May IRD always seek to participate in God’s redemption of always troubled humanity.

  1. Comment by Padre Dave Poedel on December 30, 2016 at 10:43 pm

    I am more than a little confused that you have not considered The Lutheran Church Missouri Synod as a denomination that has remained faithful and strives to remain faithful to Traditional, evangelical and catholic theology and practice and a very high view of Holy Scripture, and staunchly pro-life.

    I realize that we can be rather tribal and even appear exclusive to those accustomed to mainline laxity, but to discount us as a force in the USA is to deprive Christians searching for a faithful Church of a very viable option.

    Yes, we have our churches that offer more contemporary forms of worship, but even these faithfully offer the Sacraments as ordained by God and administered by an all-male clergy.

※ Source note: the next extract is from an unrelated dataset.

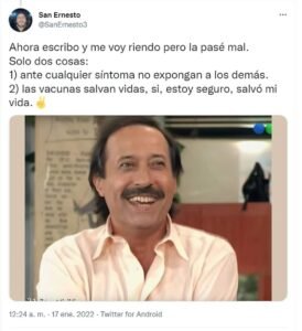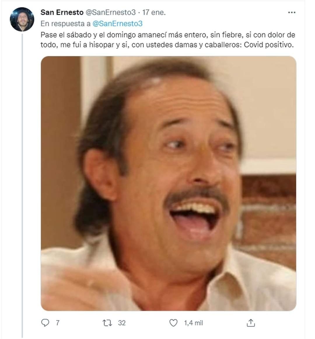 El usuario @SanErnesto3 de la red social Twitter contó a través de su cuenta personal la historia que vivió al contagiarse de Covid.

    Thanks for your consideration, as I thoroughly enjoy your publications, especially the new Providence journal.

  2. Comment by Tianzhu on January 2, 2017 at 10:49 am

    There’s “right,” and then there’s “dead right.” That’s what the LCMS is. Your theology is correct, but you got nothing else. The ELCA will probably go extinct before you do, but that isn’t much of a consolation. Did it occur to you that you might want to offer people something beside theology? The people leaving ELCA over the gay issue are obviously not flocking to the LCMS.

  3. Comment by Jeff Walton on January 3, 2017 at 10:07 am

    We’re most grateful for the social witness of the LCMS — both through the church’s renewed engagement with the March for Life, speaking out on domestic religious liberty matters, and ecumenical engagement with the Anglican Church in North America.